Prilla Brackett

Prilla Smith Brackett has been working professionally as a painter for 30 years. For over 18 years, she has been approaching landscape in a conceptual way, in that she uses landscape to say more than a description of a place. An early series emphasized the intersection of the natural and man-made worlds through juxtaposition and fragmentation of images. Later series became more contemplative.

Recently she has been exploring the intermingling of the domestic with the natural in drawings, monoprints, and mixed media paintings on panel. She incorporates semi-transparent furniture from another era with forest imagery, experimenting with how transparent and above the forest the furniture is, or how embedded it is within. When furniture from a previous era is placed in a forest, Brackett finds such narrative uncertainty fascinating.

Forests have played a large role in our histories.

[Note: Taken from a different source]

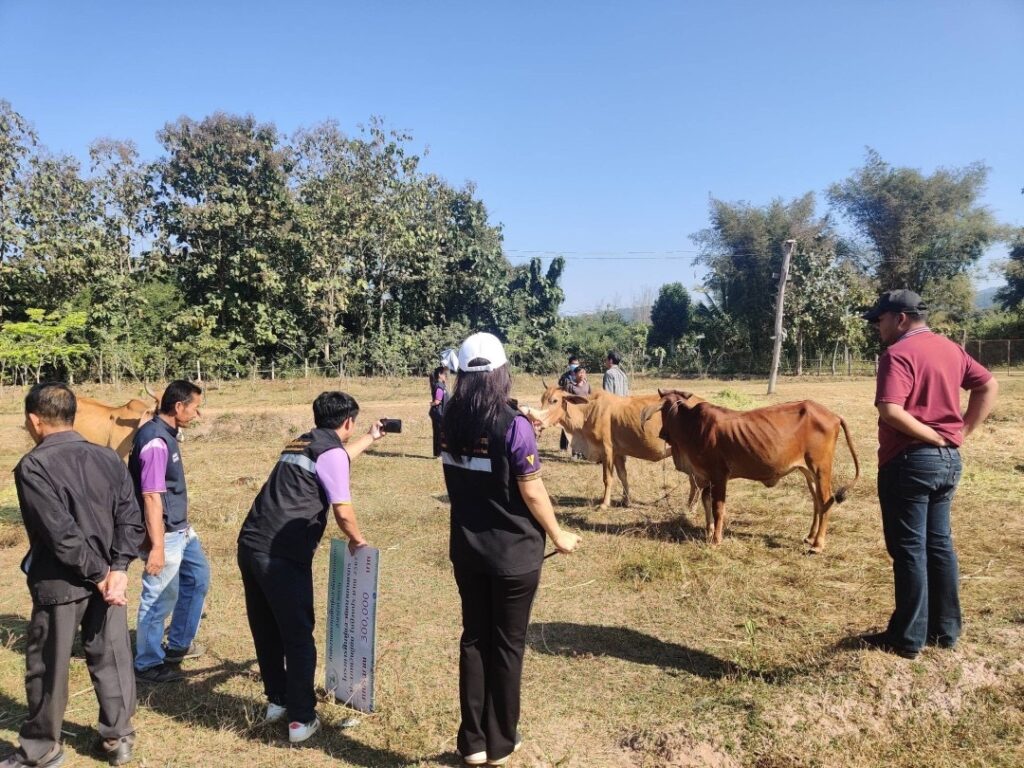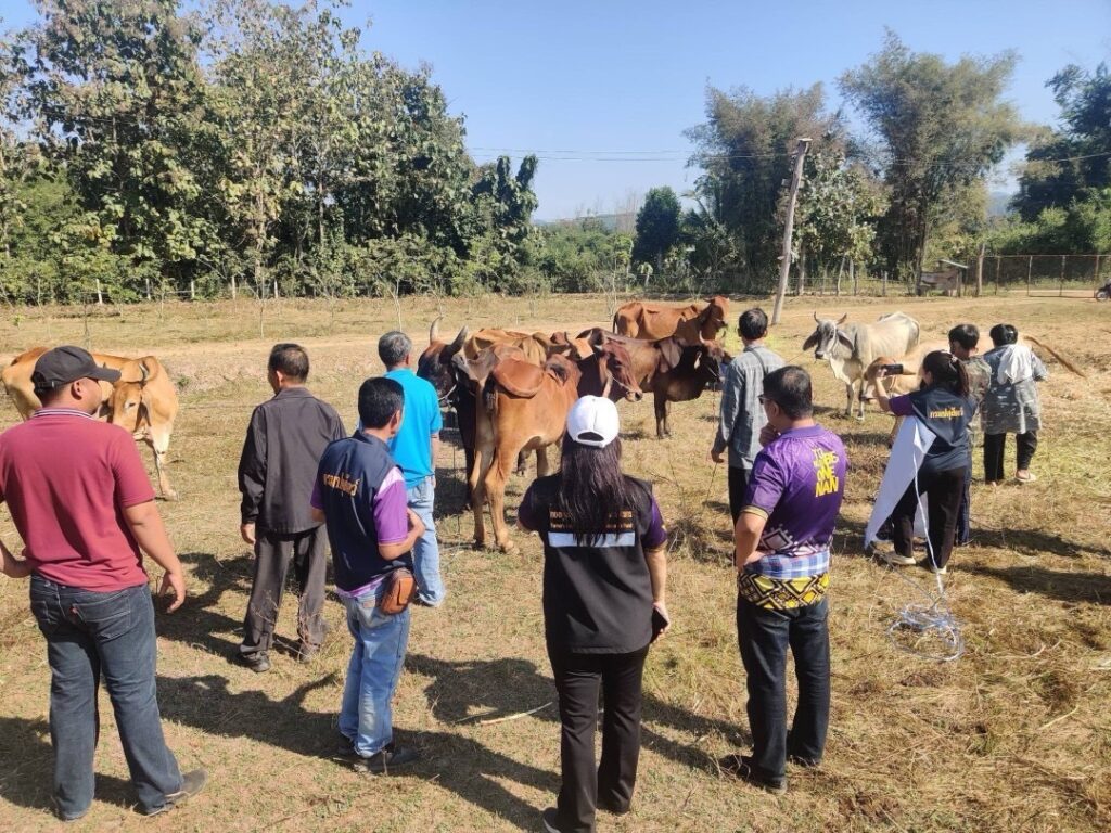 วันที่ 4 ธันวาคม 2567 เวลา 09.30 น. นางณัติกานต์ บุญเจริญ หัวหน้าสำนักงานกองทุนฟื้นฟูและพัฒนาเกษตรกร สาขาจังหวัดน่าน พร้อมด้วยนายชมพล พรหมกามินทร์ อนุกรรมการฯ จังหวัดน่าน ลงพื้นที่อำเภอนาน้อย เพื่อส่งมอบปัจจัยการผลิต (งวดที่ 2) จำนวนเงิน 300,000 บาท ให้กับองค์กรเกษตรกร กลุ่มพัฒนาเกษตรกรบ้านนาราบ ตามที่องค์กรเกษตรกรได้รับอนุมัติโครงการฟื้นฟูและพัฒนาเกษตรกร งบประมาณประจำปี 2567 ประเภทงบกู้ยืม ชื่อโครงการ “เลี้ยงโคแม่พันธุ์ลูกผสมบราห์มัน” งบประมาณที่ได้รับ 900,000 บาท สมาชิกเข้าร่วมโครงการ 10 คน ระยะเวลาดำเนินกิจกรรม 7 ปี (ปลอดดอกเบี้ย) ณ บ้านนาราบ หมู่ 1 ตำบลนาน้อย อำเภอนาน้อย จังหวัดน่าน
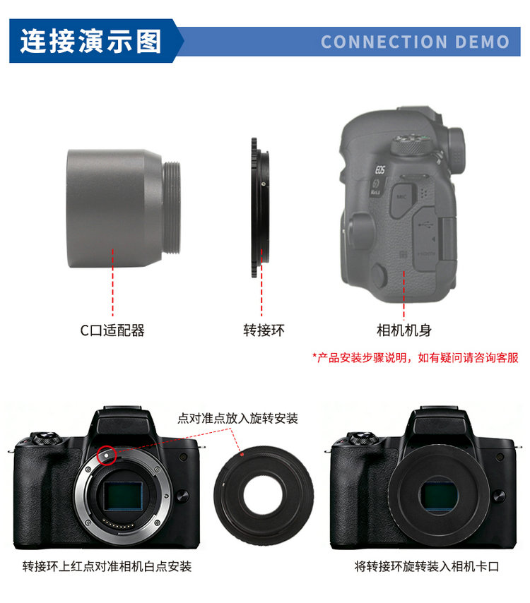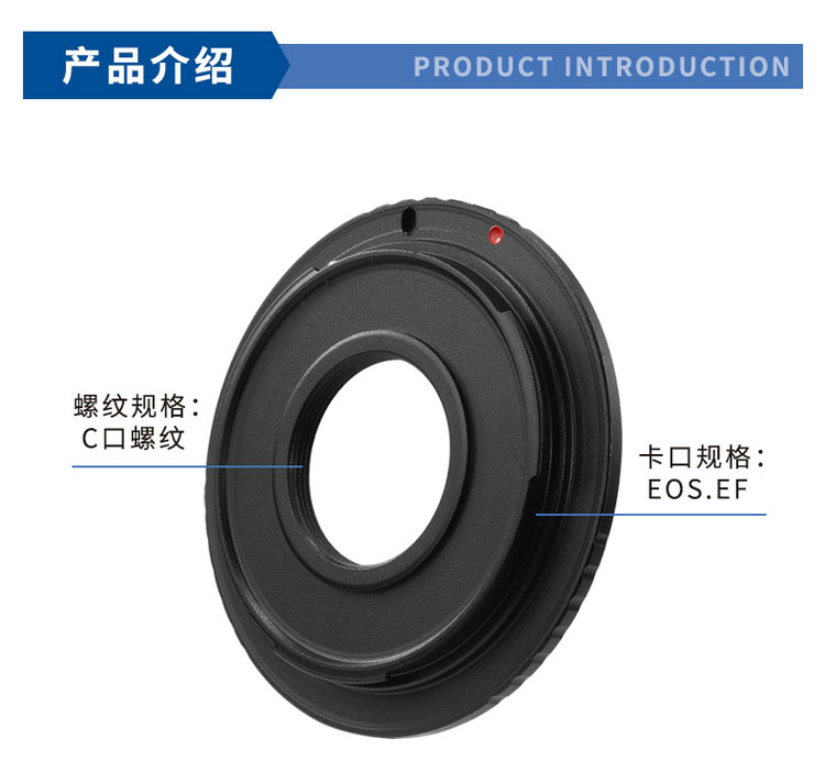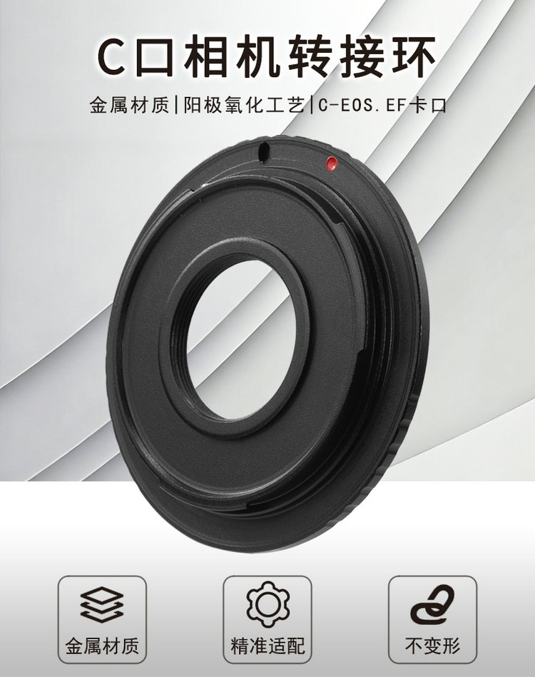 这是一款专为摄影爱好者和专业人士设计的金属转接环。它的核心功能是解决镜头与机身卡口连接的问题,允许用户将老式或工业用的C口螺纹镜头(规格为1英寸-32牙)安装到主流的佳能EOS.EF卡口单反相机机身上。通过此转接环,用户可以拓展相机的镜头兼容性,利用C口镜头进行微距摄影、工业检测或其他特殊拍摄场景。

They have given us raw material and air cleansed of carbon dioxide. They have long been scary places on civilization’s edge, as well as places of refuge and hidden secrets, of solace and spirituality, of make-believe. Brackett’s work brings forth such associations in viewers. She creates spaces where the imagination can wander and memory can surface.

During fall 2010 Brackett’s current work was shown in solo exhibits at Farnham Gallery, Simpson College, Indianola, Iowa, and at Hess Gallery, Pine Manor College, Chestnut Hill, MA. Other solo exhibitions have included the 2002 show, “Uncertain Balance,” at the National Academy of Sciences in Washington DC, and an exhibition, “Remnants: Ancient Forests & City Trees” which traveled to 8 venues in ME, VA, NH, PA, MA, CT, TN, NY 1999 – 2001. Brackett’s paintings were included in New American Painting #26, a juried exhibition in print.

Her honors include 2001, 2003, 2007 & 2009 residencies at the Virginia Center for the Creative Arts, a 1998 award & residency at the Ucross Foundation, 1997 & 1998 residencies at the Ragdale Foundation, a 1994 residency at the Millay Colony for the Arts, a 1992 Earthwatch Artist award in Madagascar, a 1989-90 fellowship in painting at the Bunting Institute of Radcliffe College, and a 1990 travel grant to Costa Rica. The 2010 publication of “Venus & Other Losses,” by Lucia Galloway, and the 2008 publication of “Mrs. Ramsey’s Knee: Poems by Idris Anderson” each feature one of Brackett’s paintings in color on the cover. With social science degrees from Sarah Lawrence College and the University of California/Berkeley, Brackett earned her MFA in drawing & painting from the University of Nebraska/Lincoln in 1981. In addition to a solo exhibition at DeCordova Museum & Sculpture Park (MA), Brackett has shown at the Portland Museum of Art (ME), Ashville Art Museum (NC), Lyman Allen Museum (CT), Lancaster Museum of Art (PA), Arnot Art Museum (NY), Fitchburg Art Museum (MA), Berkshire Museum (MA) and in two venues at the 1995 Beijing UN 4th World Conference on Women.

Her work is in public and private collections, such as the New Britain Museum of American Art, Fogg Art Museum of Harvard University Museums, DeCordova Museum, Art in US Embassies Program, National Museum of Women in the Arts, Radcliffe College, Boston Public Library, Federal Reserve Bank of Boston, E. F. Hutton, Fidelity Corporation, Honeywell, and Shell Oil in the USA, Japan, and Europe.